To argue that the gap is a health issue, therefore, makes a lot of us very defensive -- you might even say stressed. It sounds like income redistribution, taking money away from the deserving rich and giving it to the feckless poor.
Some narrow-gap countries do tax the rich, but it doesn't go to the poor in one-time cheques. In fact, countries like Iceland and Japan don't seem to have many really poor people. That's because taxes support a solid infrastructure of housing, education and health care.
The rich robbing the poor
The problem is not the poor robbing the rich through taxes, but the rich robbing the poor through tax cuts that wreck the infrastructure. And the rich have to the chutzpah to tell us that this robbery is the way to prosperity for all.
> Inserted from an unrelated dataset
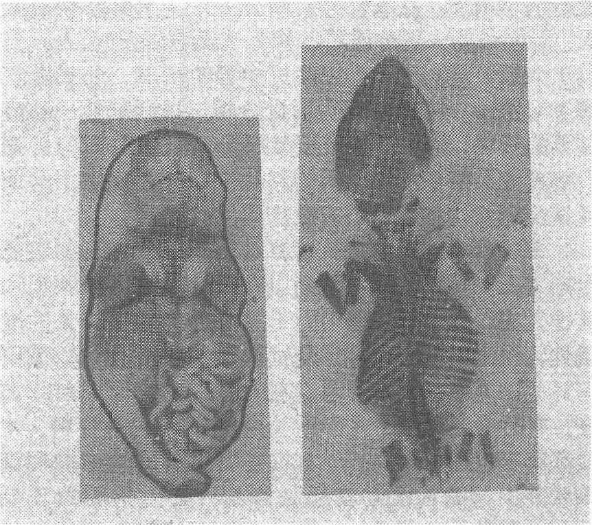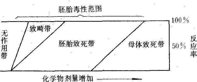 影响因素 致畸作用随致畸物的剂量、动物种属和胚胎发育阶段等而异。主要因素有:❶剂量。致畸物引起胚胎发育异常,基本符合剂量反应关系。每种致畸物均有引发致畸的阈作用剂量,高于此剂量时,在一定范围内,增大剂量其畸形发生率也增高,这可能与受损伤细胞数目增多有关; 如剂量过大时,出现胚胎死亡从而掩盖致畸作用的显现,使畸形率反而降低,故致畸物引起胚胎发育异常的剂量反应关系不能单独按畸形率计算,而应将畸形率加上胚胎死亡率计算。在致畸无作用剂量至胚胎死亡剂量之间存在着一个狭窄的致畸带,带宽的化学物比带窄的致畸危险性要大(图2)。 ❷种属差异。不同种属动物和同种属动物的不同品系,对某些致畸物存在明显差异。例如人和灵长类动物胚胎发育早期对反应停极为敏感,易诱发胎儿畸肢; 而家兔和小鼠则需较大剂量才能导致轻度畸形;其他大多数哺乳动物则不敏感。农药三环锡易诱 >图2 化学物的致畸带 ❸作用时期。胚胎对致畸物的敏感性随胚胎发育的不同阶段而异,一般在器官发生期对致畸物最为敏感,因此称为致畸的“敏感期”。此期在人是受孕第3~8星期;啮齿类动物则为第7~16天。在敏感期中的不同日期给予致畸物,会发生不同的器官畸形,这是由于各器官的发生过程并非完全一致,因此各自的敏感期也有所不同。 试验方法 最常用的动物是大鼠、兔和小鼠。选健康成年雌雄大鼠(1:1或2:1)同笼交配,次晨作阴道涂片或检查阴栓,发现有精子或阴栓的雌鼠为孕鼠,当天作为孕期零天。给药方式应与人摄入或接触方式相同,一般为灌胃、混入饲料中,经皮肤或经呼吸道等。大鼠给药时间为孕期的第6~15天,兔为第8~18天,小鼠为第6~14天。致畸试验至少应设三个剂量组,剂量上限是根据亚慢性(或亚急性)毒性试验得出的“最大无作用剂量”,下限相当最大无作用剂量的1/50,两剂量间再设一个中间剂量。对照组中还可选取某些已知致畸物作为阳性对照。 |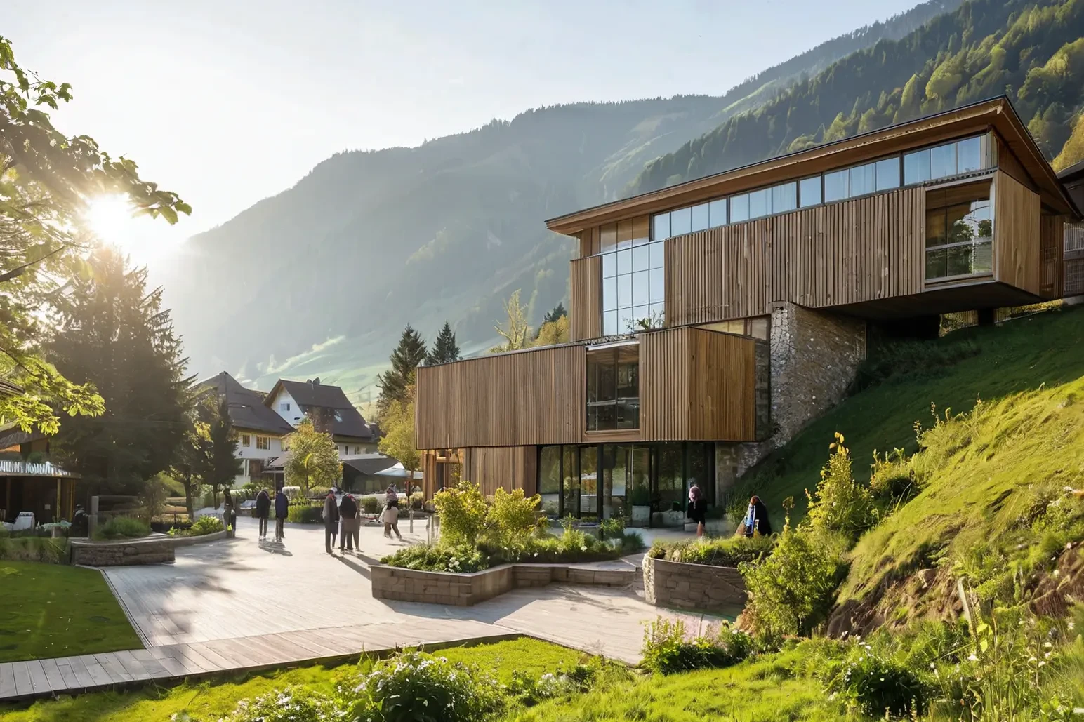 We visualized several indoor and outdoor perspectives. The base was a CAD/BIM model, from which we took simple screenshots as input. Everything else, the lighting, realistic materials for all surfaces, exterior surroundings including vegetation, and the sky, was iteratively generated using our AI workflows. As options and to provide more flexibility in presentation, we also created several non-realistic style variations.

Governments excuse themselves from delivering social services because they don't have the tax revenues any more. So private education and health care begin to look good to the affluent, while public education and health care, like public housing and transit, become down-market services for losers.
Because so many people still believe in Horatio Alger, the income-gap debate has stayed away from the health issue. Even the NDP and the Canadian Centre for Policy Alternatives define the problem as one of fairness -- as if poverty were simply a needless inconvenience to the poor.
If the Raphaels and Wilkinsons are right, however, the growing income gap in Canada -- as in the U.S., Britain, Russia, and China -- is literally a matter of life and death. The poor are dying early to subsidize the rich, who are too stupid to realize they're dying early too.
Dennis Raphael quotes the 19th-century Prussian physician Rudolf Virchow, who 150 years ago argued that "Medicine is a social science, and politics is nothing else but medicine on a large scale."
Virchow was wrong about some things, but he was dead right about that.